1979, c. 53, a. 70; 1982, c. 52, a. 184.
71. La décision du gouvernement ordonnant la liquidation de la corporation a le même effet qu’une ordonnance rendue par un juge de la Cour supérieure en vertu de l’article 25 de la Loi sur la liquidation des compagnies (chapitre L‐4); pour le surplus, les dispositions de la section IV de ladite loi s’appliquent en y faisant les changements nécessaires à la liquidation ainsi ordonnée dans la mesure où elles ne sont pas inconciliables avec les dispositions de la présente loi.
1979, c. 53, a. 71.
72. Le liquidateur paie d’abord les dettes de la corporation ainsi que les frais de la liquidation et le solde provenant de la liquidation est dévolu à la fédération fondatrice.
1979, c. 53, a. 72.
SECTION X
DISPOSITIONS PÉNALES
1992, c. 61, a. 236.
73. Commet une infraction toute personne qui:
1°  fournit sciemment au ministre ou à l’inspecteur général des renseignements inexacts;
2°  contrevient à une disposition de la présente loi.
1979, c. 53, a. 73; 1982, c. 52, a. 185.
74. Toute personne qui commet une infraction à la présente loi est passible d’une amende d’au moins 300 $ et d’au plus 1 000 $ pour chaque infraction et d’une amende d’au moins 1 000 $ et d’au plus 5 000 $ pour toute récidive.
1979, c. 53, a. 74; 1990, c. 4, a. 347.
75. (Abrogé).
1979, c. 53, a. 75; 1990, c. 4, a. 348; 1992, c. 61, a. 237.
SECTION XI
DISPOSITIONS DIVERSES
76. Dans un délai d’un an à compter de la constitution de la corporation, la fédération fondatrice et, le cas échéant, les fédérations qui en sont membres peuvent transférer à la corporation des éléments d’actif correspondant à la totalité ou partie des sommes accumulées pour des fins semblables à celles poursuivies par une corporation de fonds de sécurité.
Le ministre peut autoriser la corporation à acquérir et détenir pendant la période et aux conditions qu’il détermine les éléments d’actif ainsi transférés dont l’acquisition et la détention constitueraient autrement une infraction à la présente loi.
1979, c. 53, a. 76.
77. L’inspecteur général des institutions financières est chargé de l’administration de la présente loi.

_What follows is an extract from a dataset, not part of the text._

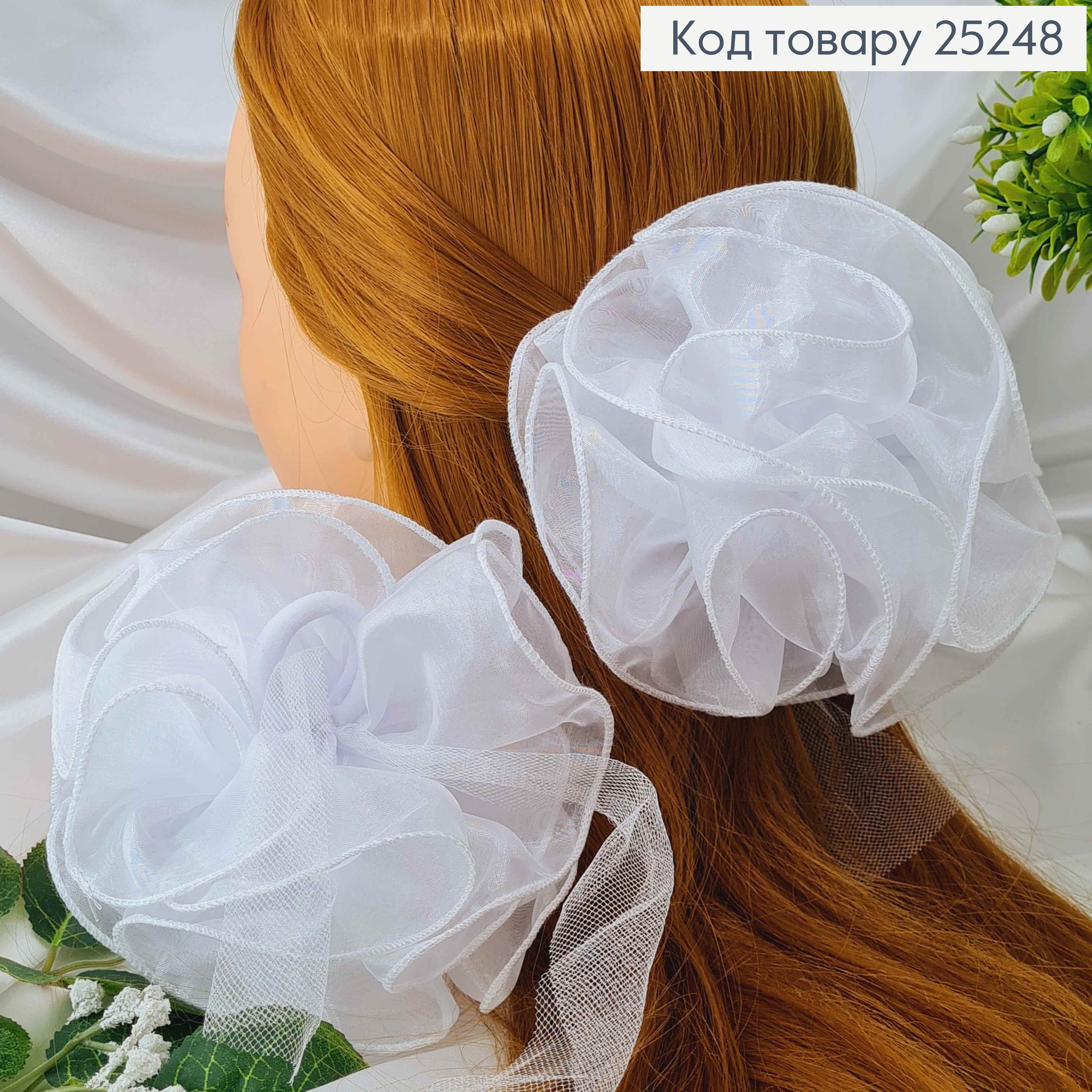 Бант БІЛОГО кольору, на заколці 5,5см, тканина мереживо+атлас, розмір 15*25см, Україна 276158 фото
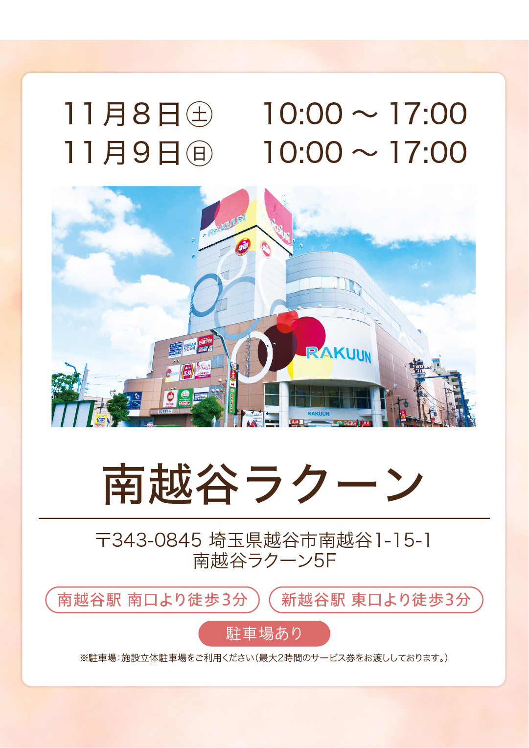 TEL0120-924369 〒343-0845 埼玉県越谷市南越谷1-15-1 南越谷ラクーン5F

1979, c. 53, a. 77; 1981, c. 9, a. 24; 1982, c. 52, a. 186.
77.1. Le ministre des Finances est chargé de l’application de la présente loi.
1982, c. 52, a. 186.
78. (Omis).
1979, c. 53, a. 78.
79. (Cet article a cessé d’avoir effet le 17 avril 1987).
1982, c. 21, a. 1; R.-U., 1982, c. 11, ann. B, ptie I, a. 33.
ANNEXE ABROGATIVE

Conformément à l’article 17 de la Loi sur la refonte des lois et des règlements (chapitre R‐3), le chapitre 53 des lois de 1979, tel qu’en vigueur le 1er novembre 1980, à l’exception de l’article 78, est abrogé à compter de l’entrée en vigueur du chapitre C-69.1 des Lois refondues.